Beginning at the top of the data below, restate every line word for word until the line containing "(6)清涼飲料業界の競争の特徴 - 飲用シーン接近のための多大なコストが課題" has been included, and omit the pictures.

DATA SUPPLIED —
------------------------------------------------
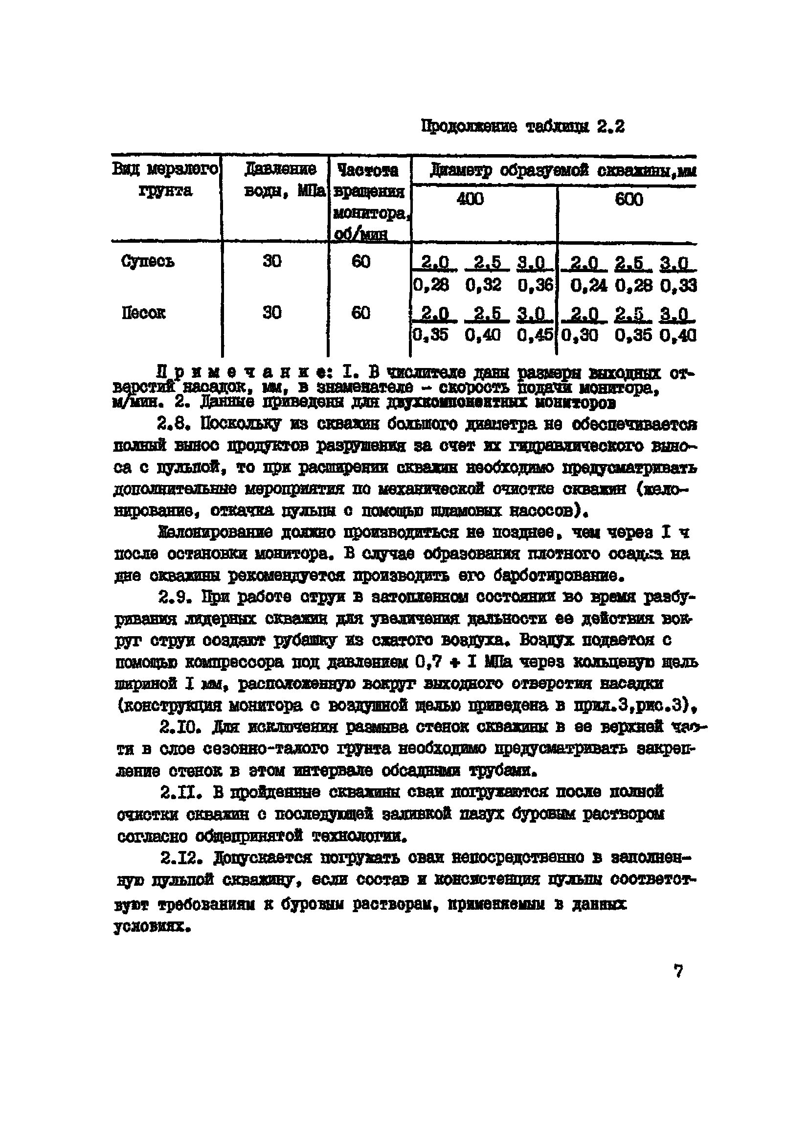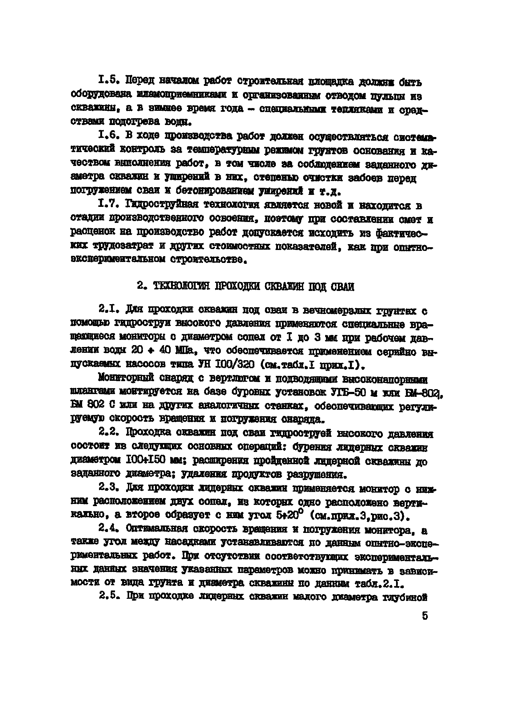 | Область применения: | Рекомендации по применению гидроструйной технологии распространяются на устройство свайных фундаментов во всех видах вечномерзлых грунтов песчано-глинистого состава, включая пластичномерзлые, засоленные и заторфованные грунты при содержании в них не более 20 процентов крупнообломочного материала. |
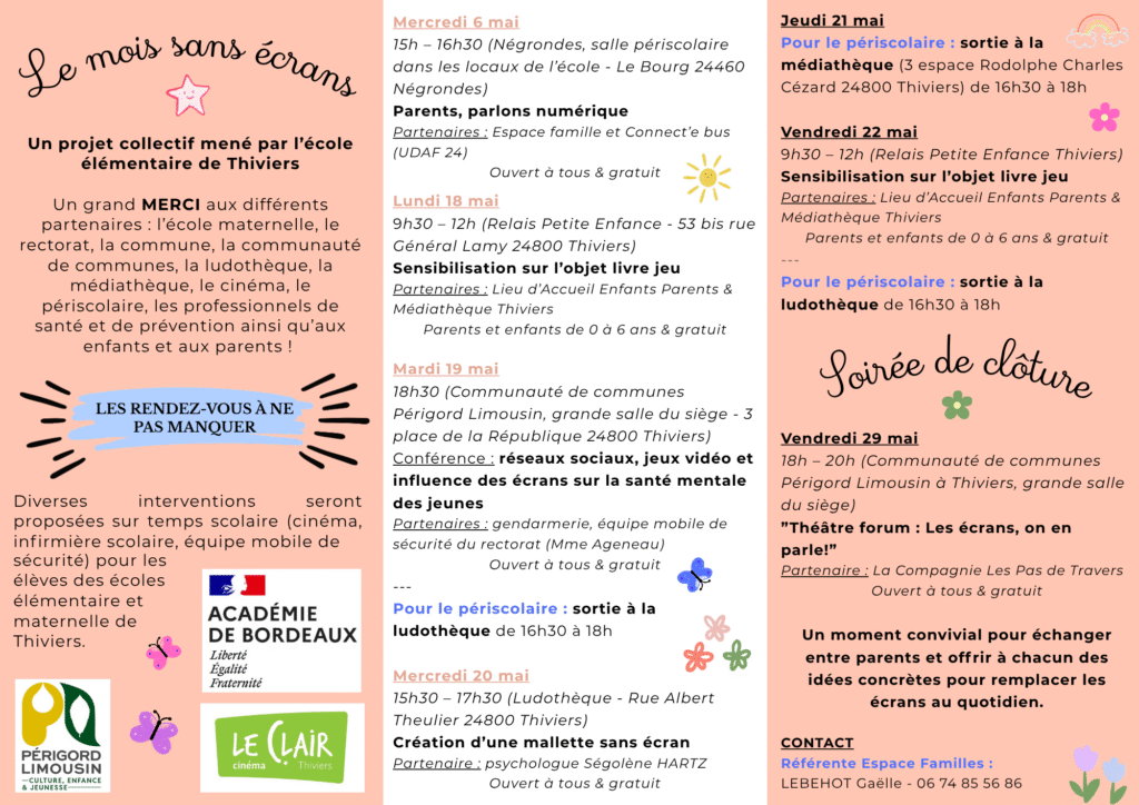 Un projet collectif à l’Initiative de l’école élémentaire de Thiviers avec la participation de différents partenaires : l’école maternelle, le rectorat, la commune, le Pôle Culture Enfance Jeunesse de la Communauté de communes (le périscolaire, la ludothèque, la médiathèque…), le cinéma et les professionnels de santé et de prévention.
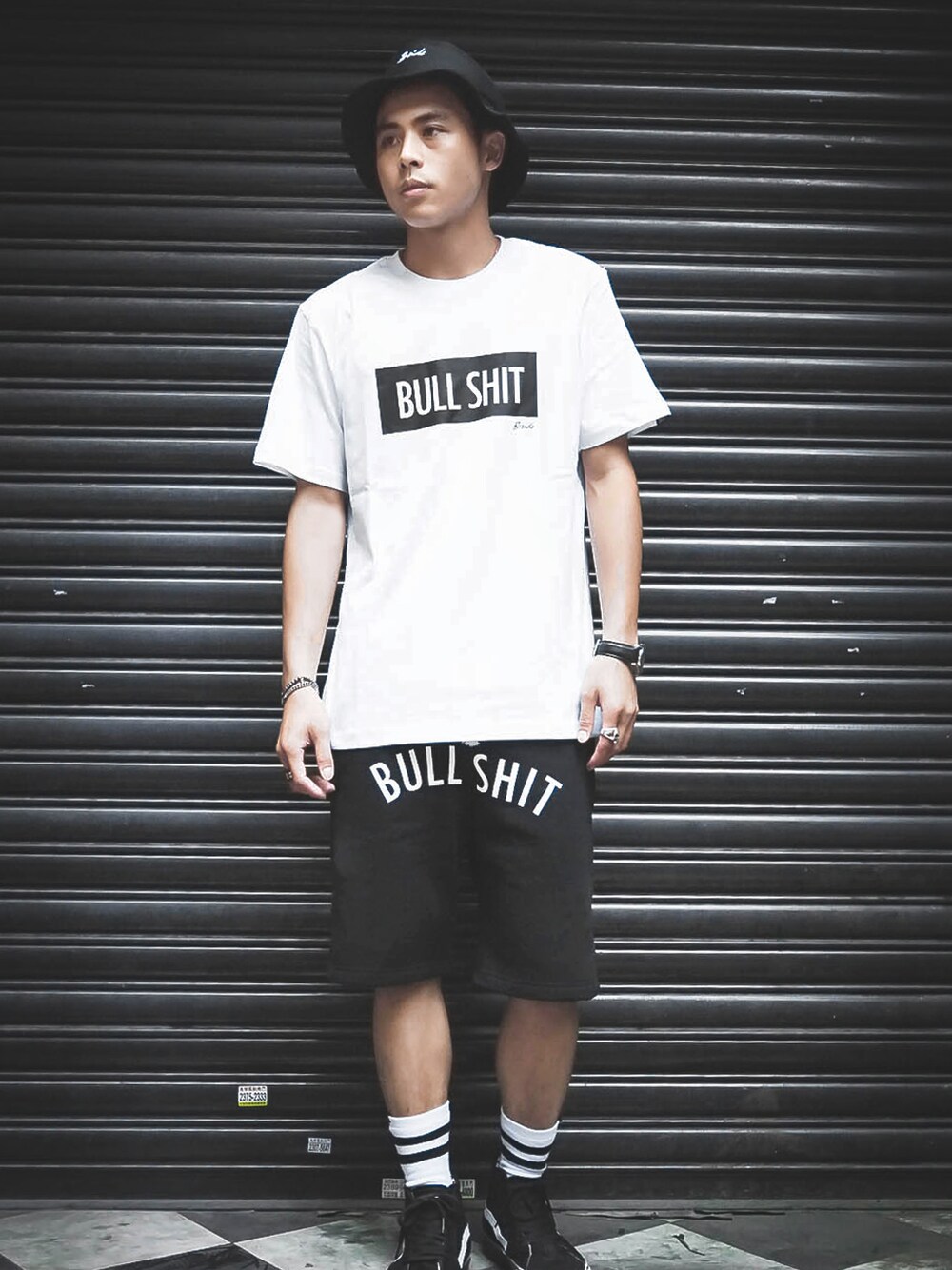 HAT:BASIC BUCKET HAT TOP:BULLSHIT TEE PANTS:BULLSHIT SHORTS ACC:7th SOCKS
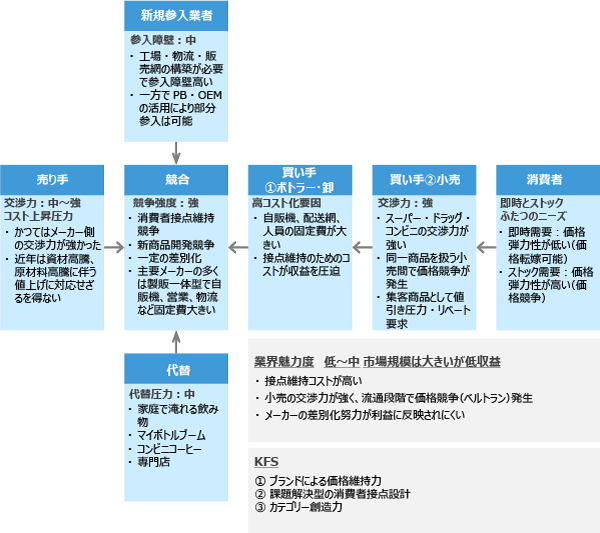 (6)清涼飲料業界の競争の特徴 - 飲用シーン接近のための多大なコストが課題
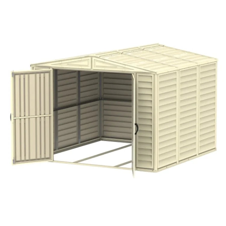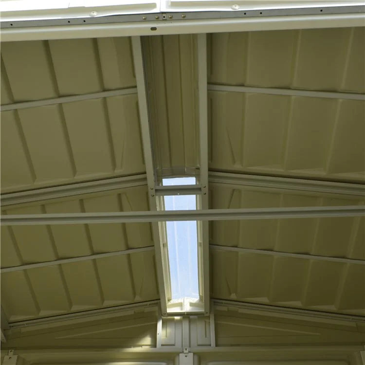 The Saffron Vinyl Shed provides reliable, low-maintenance storage with weather-resistant vinyl panels and a sturdy metal frame. Designed for convenience, it features a central skylight for natural lighting, a metal foundation kit, and secure, padlock-ready double doors. With its attractive ivory finish, this shed complements modern outdoor spaces and offers dependable storage year-round.
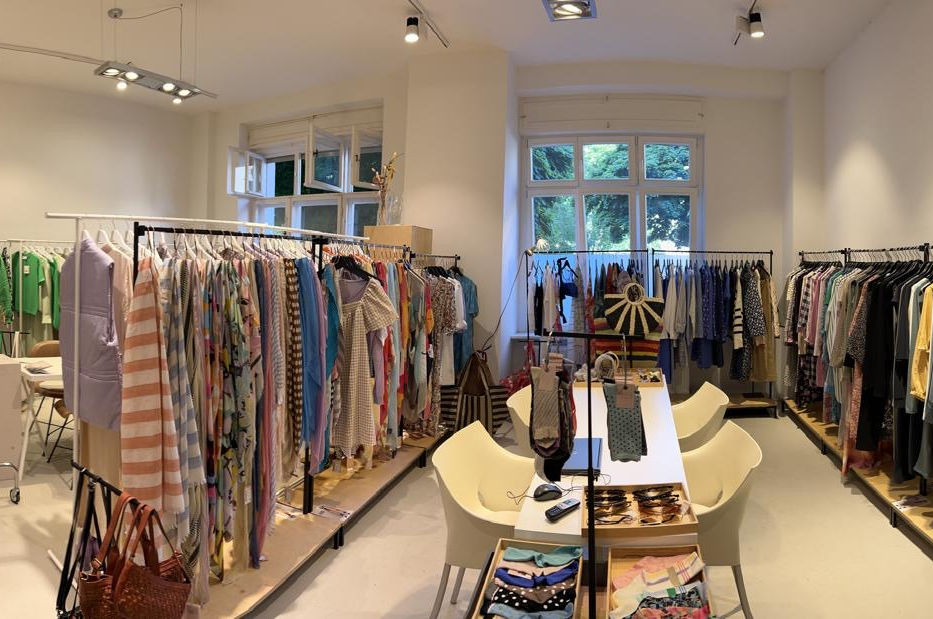 Präsentationsmöglichkeiten: Der Showroom ist komplett eingerichtet mit Kleiderstangen und Präsentationsflächen, die Sie flexibel nach Ihren Bedürfnissen nutzen können.
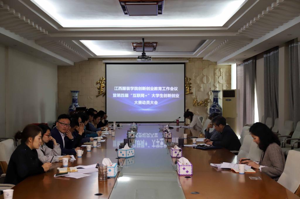服装报讯(创业学院 杨戬菲 摄影/万强)为深入学习贯彻习近平总书记给第三届中国“互联网+”大学生创新创业大赛“青年红色筑梦之旅”大学生重要回信精神,并落实《教育部关于举办第四届中国‘互联网+’大学生创新创业大赛的通知》(教高函〔2018〕2号)要求,切实做好“互联网+”大赛校内参赛组织工作,推进我校创新创业工作新局面,4月16日,我校在行政楼二楼会议室召开了创新创业教育工作会议暨第四届“互联网+”大学生创新创业大赛动员大会。校党委书记王建元、校长助理兼创业学院院长易城、各二级学院和职能部门负责人、创新创业教育专干参加了会议。会议由创业学院院长助理孟安然主持。
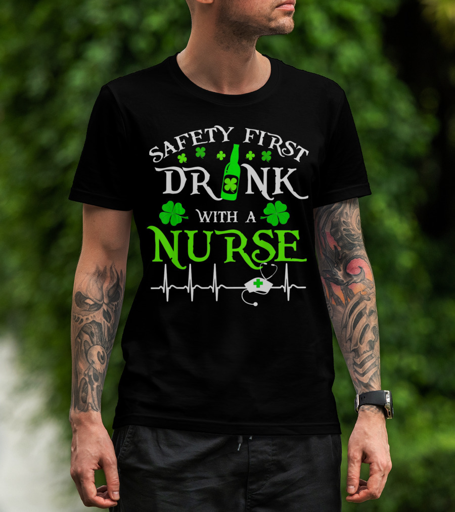 Safety First Drink With A Nurse Shamrocks Beer Bottle Heartbeat T-Shirt
------------------------------------------------
RESULT OF THE EXERCISE —
 | Область применения: | Рекомендации по применению гидроструйной технологии распространяются на устройство свайных фундаментов во всех видах вечномерзлых грунтов песчано-глинистого состава, включая пластичномерзлые, засоленные и заторфованные грунты при содержании в них не более 20 процентов крупнообломочного материала. |
 Un projet collectif à l’Initiative de l’école élémentaire de Thiviers avec la participation de différents partenaires : l’école maternelle, le rectorat, la commune, le Pôle Culture Enfance Jeunesse de la Communauté de communes (le périscolaire, la ludothèque, la médiathèque…), le cinéma et les professionnels de santé et de prévention.
 HAT:BASIC BUCKET HAT TOP:BULLSHIT TEE PANTS:BULLSHIT SHORTS ACC:7th SOCKS
 (6)清涼飲料業界の競争の特徴 - 飲用シーン接近のための多大なコストが課題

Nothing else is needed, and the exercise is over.